Addictive disorders involving substance abuse have provided one of the most daunting challenges to healthcare professionals since organized medicine began. These disorders become an even greater challenge when psychiatric disorders are also present. Finally - after years of debate and a few questionable approaches - a successful partnership between psychiatric treatment and substance abuse treatment has at last been developed within the past 10-15 years.

While medication-based treatments for addiction have been tried (and continue to be studied), most experts now appear to agree that the 12-step Alcoholics Anonymous (AA) and Narcotics Anonymous (NA) approach remains one of the best interventions.
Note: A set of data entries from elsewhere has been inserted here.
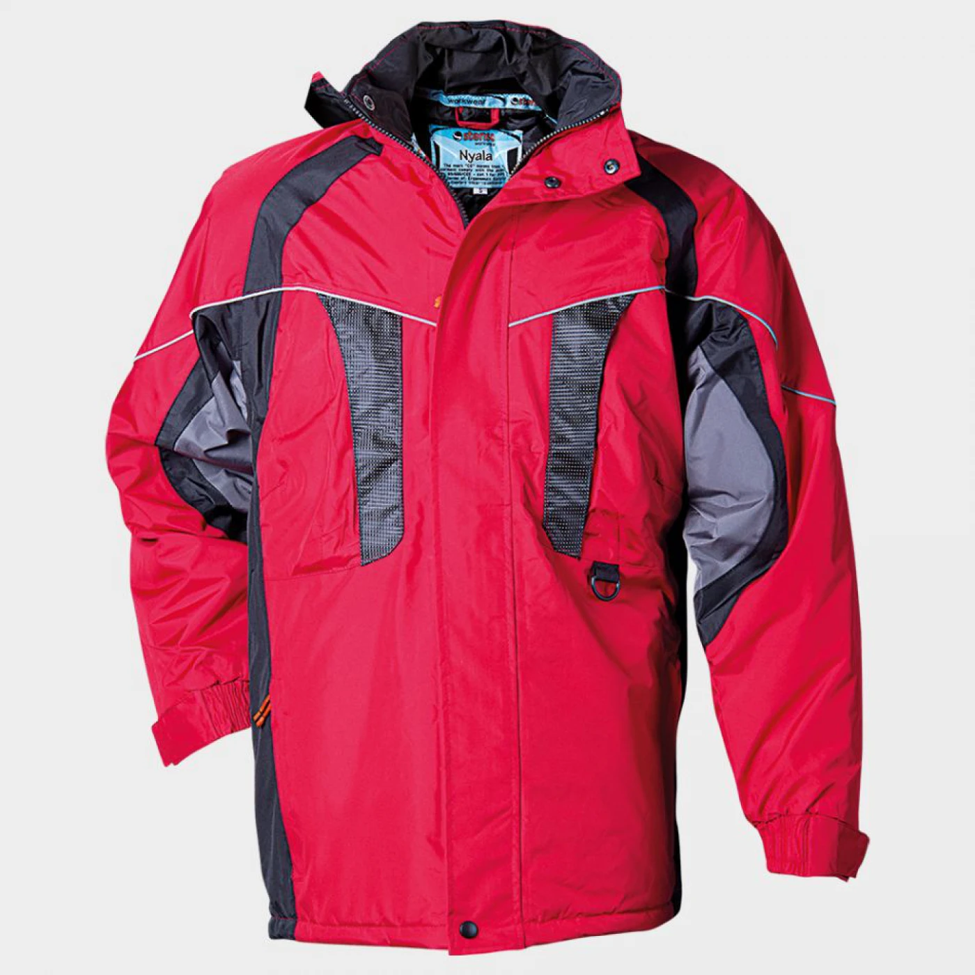 Jachetă rezistentă la apa și la frig cu margini reflectorizante. Glugă în guler.
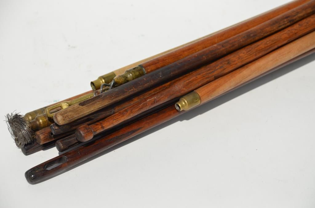 Lot of antique shotgun cleaning rods, memorabilia, loading tools, shells, etc. Est.: $150-$300.
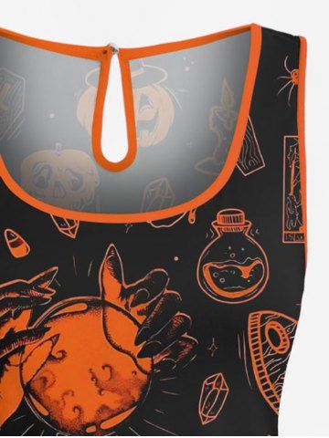 Halloween Dresses > Plus Size Skull Pumpkin Tombstone Print Halloween Drawstring Pocket Romper
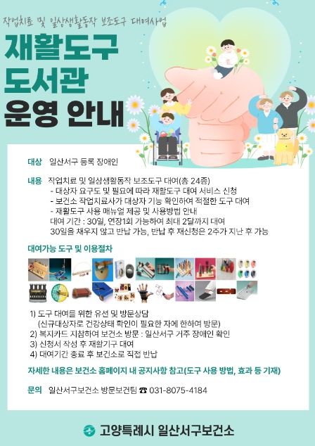 미디어라이프 중부신문 정호복 기자 | 고양특례시 일산서구보건소가 일산서구 등록 장애인을 대상으로 ‘재활도구 도서관’ 사업을 운영한다. 의료기관 방문이 어려운 재가 장애인 등 관내 등록 장애인은 재활도구 도서관에서 작업치료 및 일상생활동작 보조도구를 대여할 수 있다.
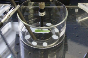 將葉子從植物上取下,用藍(lán)丁寶貼固定在玻璃盤中,底部朝上。玻璃盤替換了Tricell(電解池)的主體,以使樣品水平,如圖4所示。
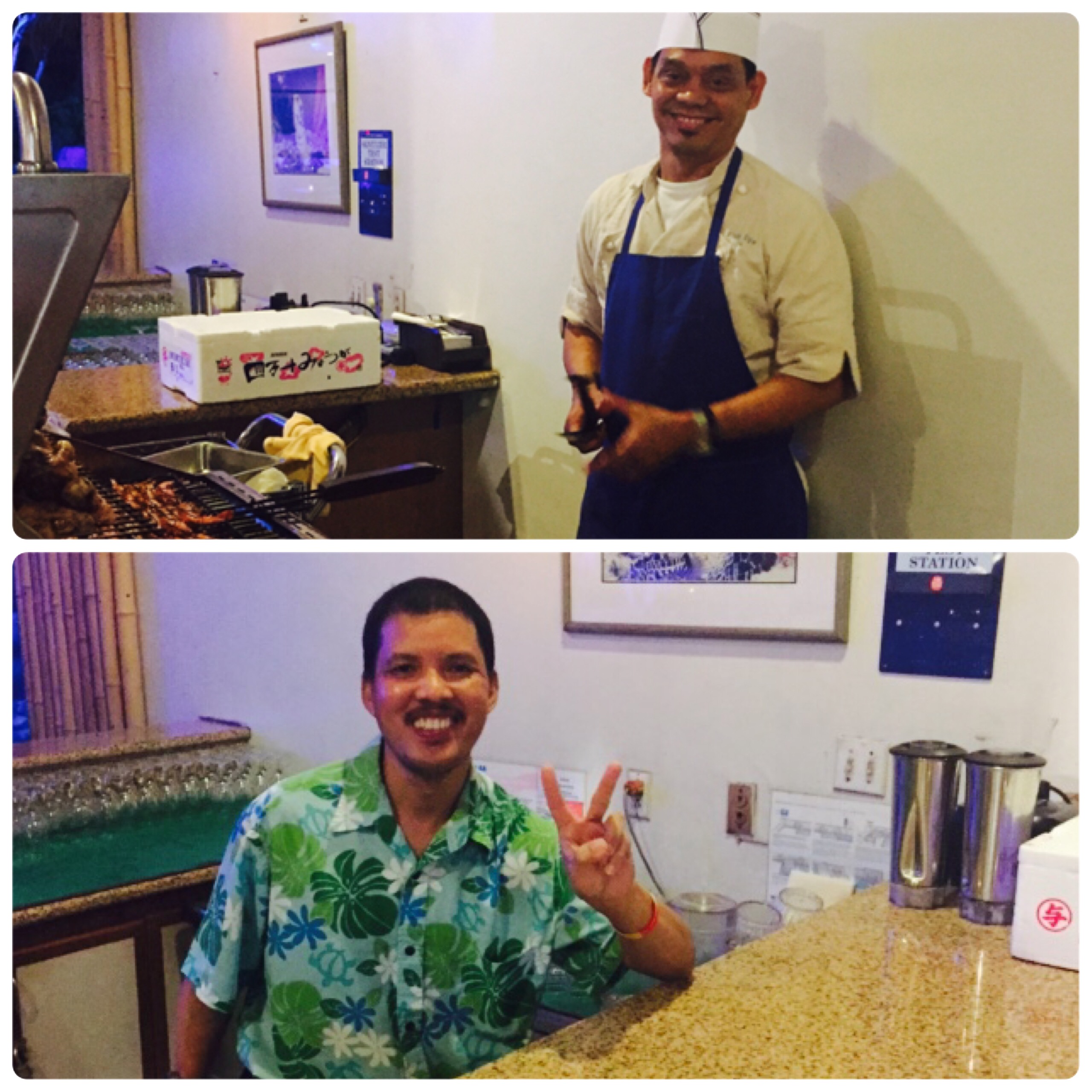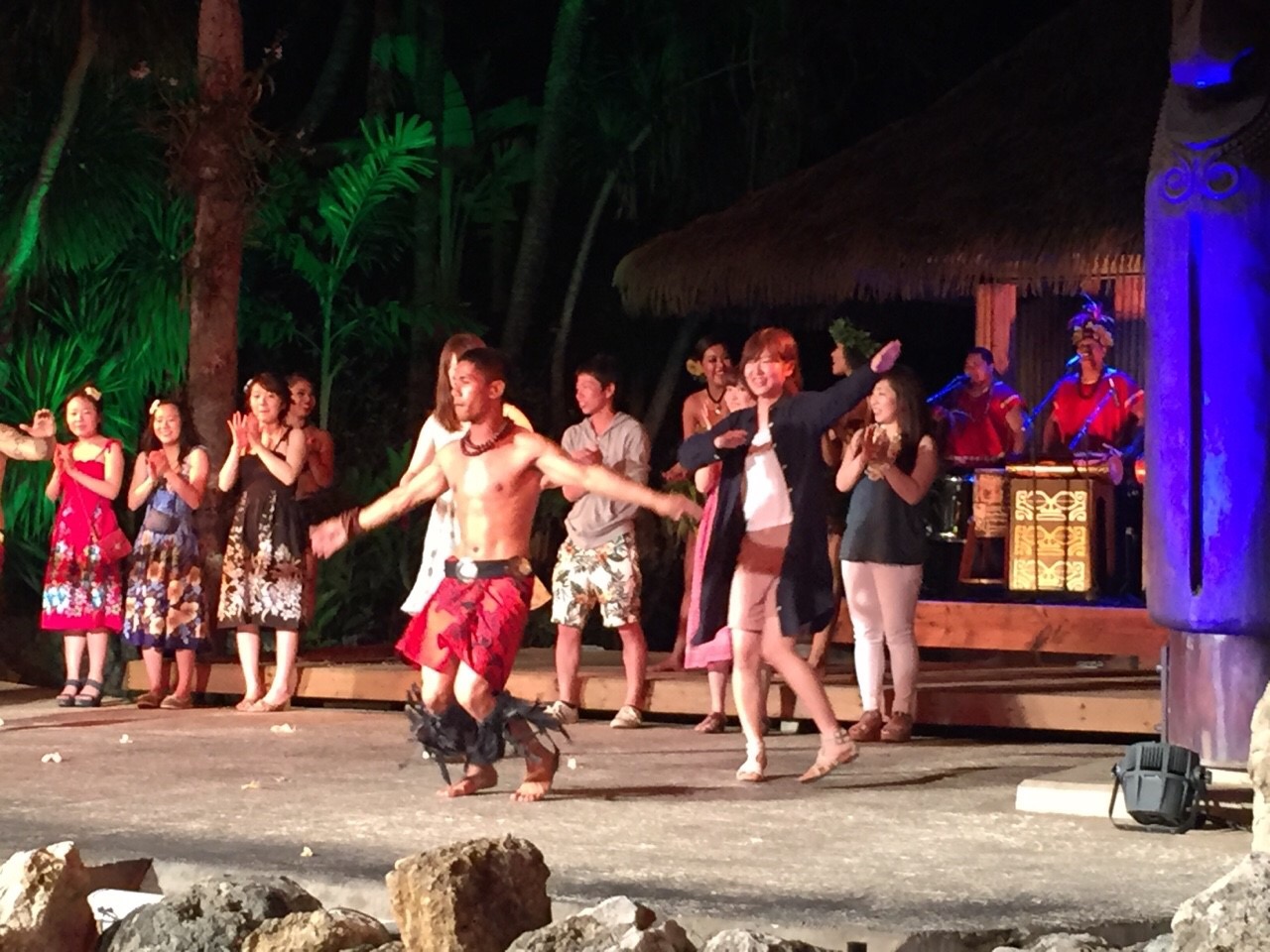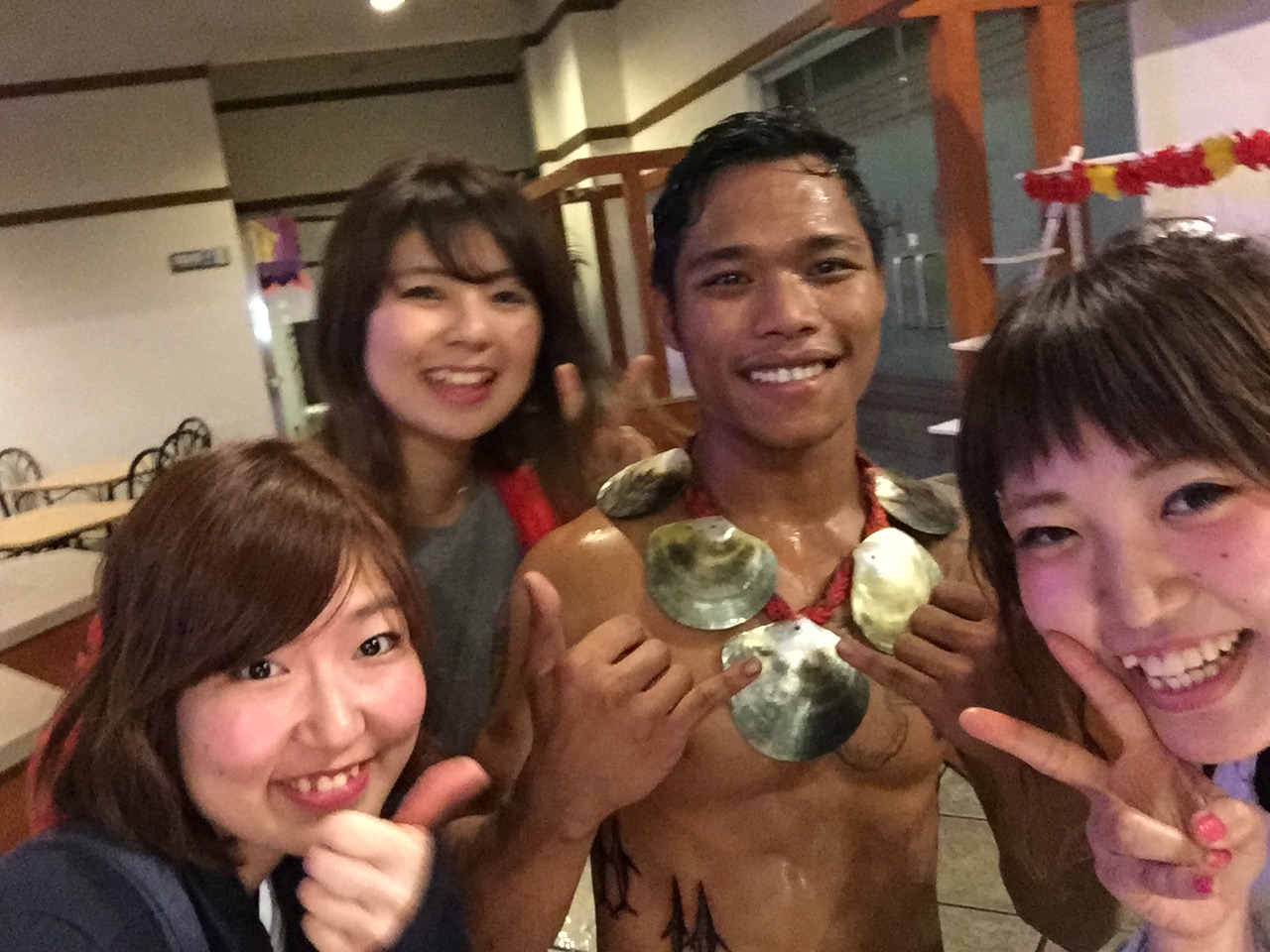 2日目の夜! Posted on 2016年2月18日 『ディナーショーでフィシュ料理』 2日目の夜はバスに乗って ディナーショーへ行きました!! ディナーショーの前に海底から魚を見ました 海が綺麗なので魚もしっかり見えました!! 女子は大興奮でした♪♪ ディナーショーは海のものを たくさん使った料理がありました! こんな陽気な方たちが料理を作ってました 日本と違い誰にでも陽気な声かけ 私たちも見習わなせれば!!! 武田もステージに上がりダンス♪ 楽しい2日目でした!! CHROMA 塩田千紘

Since the early 1990s, the "double trouble" concept and "double trouble" groups based on the AA/NA model have begun to flourish. For persons with both a primary psychiatric disease and a substance abuse disorder, the "double trouble" model incorporates psychotropic medication into the substance abuse recovery process.

In particular, the "double trouble" model recognizes the need for anti-psychotic medication and mood stabilizers that are non-addictive, as opposed to the barbiturates and benzodiazapines which can complicate the substance abuse recovery process. These two medication groups need to be used with great care when there is an addictive disorder present.

Almost every community around the world now has a local chapter of the AA/NA 12-step program. Getting in touch with one of these groups is a good place to start on your journey to recovery. In addition, a good psychiatric consultation can help clear up the various symptoms and disease states that may be getting in the way of your recovery and reintegration process.

To contact AA/NA, look in your local phone book or contact a local religious organization.